■ **WHAT YOU ARE ASKED TO DO**
Every entry below should be returned exactly as it appears, with pictures left out.

■ **DATA EXTRACTS**
==============================
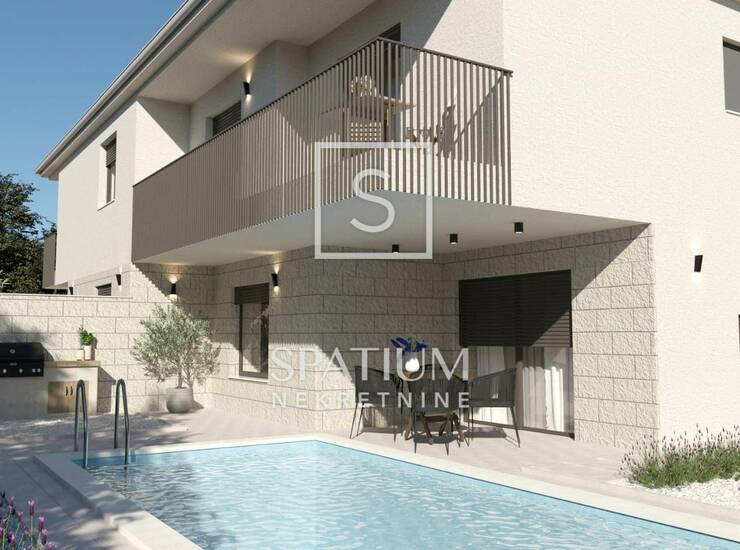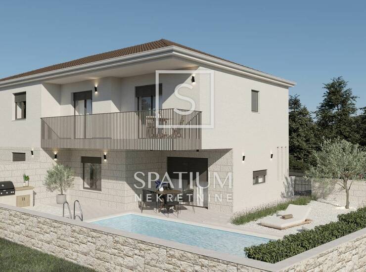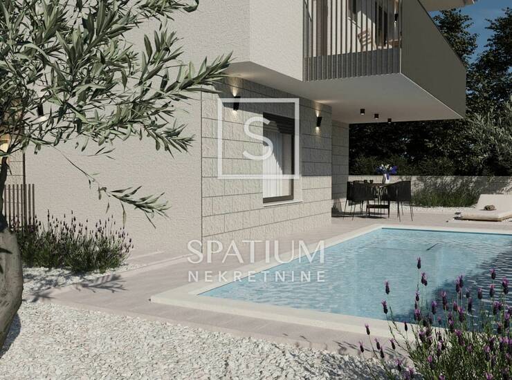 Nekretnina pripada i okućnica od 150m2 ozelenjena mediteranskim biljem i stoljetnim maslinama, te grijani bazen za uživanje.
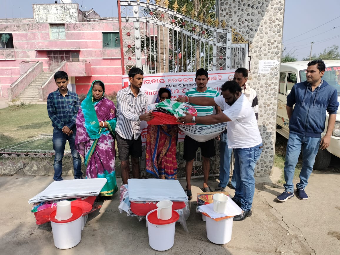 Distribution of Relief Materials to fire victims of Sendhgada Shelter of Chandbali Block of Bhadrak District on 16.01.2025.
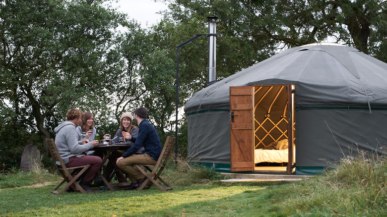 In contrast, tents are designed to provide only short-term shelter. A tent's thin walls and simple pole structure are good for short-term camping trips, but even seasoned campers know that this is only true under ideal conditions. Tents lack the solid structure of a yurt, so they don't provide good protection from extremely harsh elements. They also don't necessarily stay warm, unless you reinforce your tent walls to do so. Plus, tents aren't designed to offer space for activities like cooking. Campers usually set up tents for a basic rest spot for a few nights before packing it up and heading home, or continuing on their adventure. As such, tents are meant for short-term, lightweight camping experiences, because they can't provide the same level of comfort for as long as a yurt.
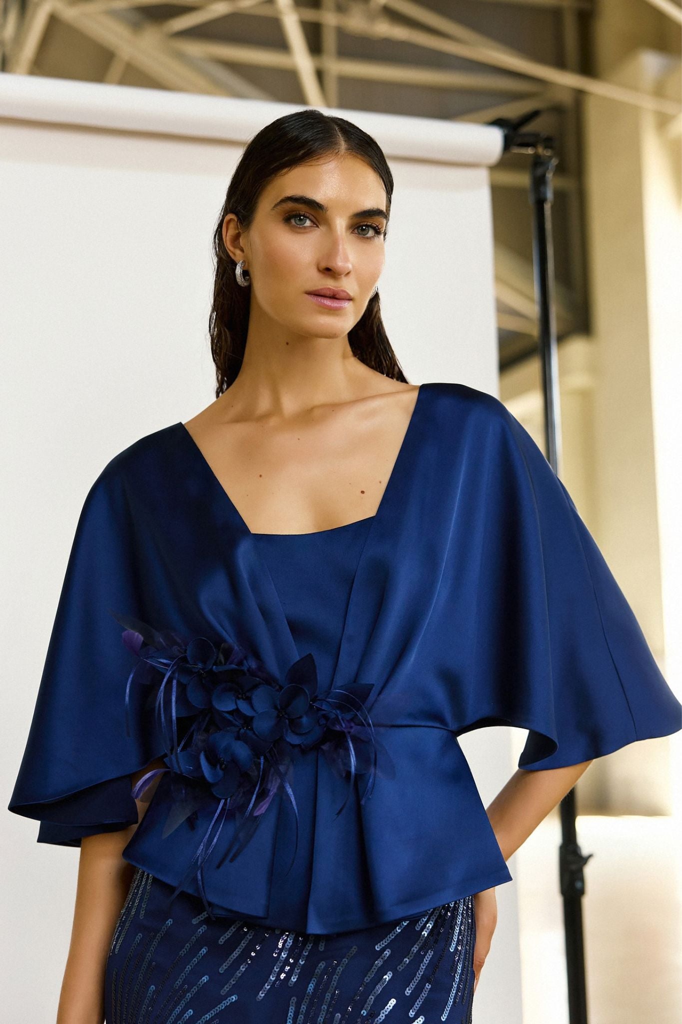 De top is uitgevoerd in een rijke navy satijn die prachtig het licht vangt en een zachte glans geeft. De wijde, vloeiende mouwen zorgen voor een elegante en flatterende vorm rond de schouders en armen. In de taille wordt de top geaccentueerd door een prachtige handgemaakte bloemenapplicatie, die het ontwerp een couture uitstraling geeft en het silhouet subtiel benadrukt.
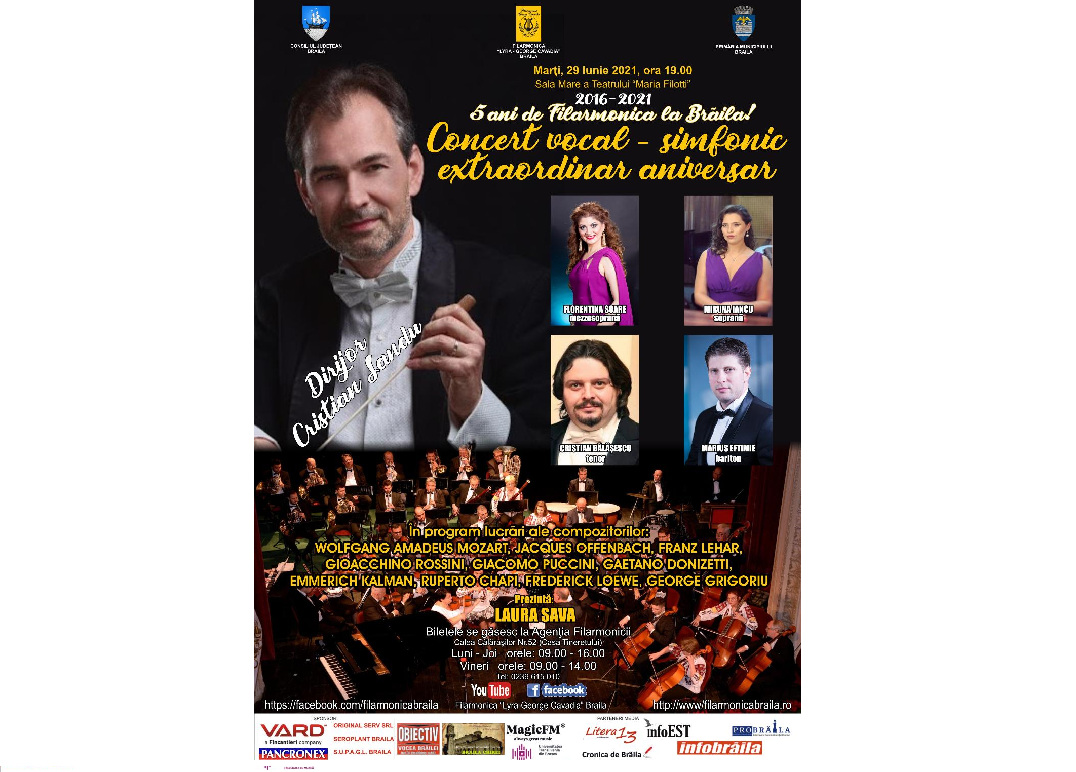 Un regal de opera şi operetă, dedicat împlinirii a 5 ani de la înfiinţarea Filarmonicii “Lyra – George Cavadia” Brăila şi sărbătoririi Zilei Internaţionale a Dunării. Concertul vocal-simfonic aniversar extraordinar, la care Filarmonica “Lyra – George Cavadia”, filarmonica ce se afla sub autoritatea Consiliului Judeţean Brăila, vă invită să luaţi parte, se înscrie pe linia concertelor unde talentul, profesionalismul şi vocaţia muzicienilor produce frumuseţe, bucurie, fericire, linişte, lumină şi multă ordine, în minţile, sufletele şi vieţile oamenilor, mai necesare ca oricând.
==============================
■ **EXERCISE SOLUTION**
 Nekretnina pripada i okućnica od 150m2 ozelenjena mediteranskim biljem i stoljetnim maslinama, te grijani bazen za uživanje.
 Distribution of Relief Materials to fire victims of Sendhgada Shelter of Chandbali Block of Bhadrak District on 16.01.2025.
 In contrast, tents are designed to provide only short-term shelter. A tent's thin walls and simple pole structure are good for short-term camping trips, but even seasoned campers know that this is only true under ideal conditions. Tents lack the solid structure of a yurt, so they don't provide good protection from extremely harsh elements. They also don't necessarily stay warm, unless you reinforce your tent walls to do so. Plus, tents aren't designed to offer space for activities like cooking. Campers usually set up tents for a basic rest spot for a few nights before packing it up and heading home, or continuing on their adventure. As such, tents are meant for short-term, lightweight camping experiences, because they can't provide the same level of comfort for as long as a yurt.
 De top is uitgevoerd in een rijke navy satijn die prachtig het licht vangt en een zachte glans geeft. De wijde, vloeiende mouwen zorgen voor een elegante en flatterende vorm rond de schouders en armen. In de taille wordt de top geaccentueerd door een prachtige handgemaakte bloemenapplicatie, die het ontwerp een couture uitstraling geeft en het silhouet subtiel benadrukt.
 Un regal de opera şi operetă, dedicat împlinirii a 5 ani de la înfiinţarea Filarmonicii “Lyra – George Cavadia” Brăila şi sărbătoririi Zilei Internaţionale a Dunării. Concertul vocal-simfonic aniversar extraordinar, la care Filarmonica “Lyra – George Cavadia”, filarmonica ce se afla sub autoritatea Consiliului Judeţean Brăila, vă invită să luaţi parte, se înscrie pe linia concertelor unde talentul, profesionalismul şi vocaţia muzicienilor produce frumuseţe, bucurie, fericire, linişte, lumină şi multă ordine, în minţile, sufletele şi vieţile oamenilor, mai necesare ca oricând.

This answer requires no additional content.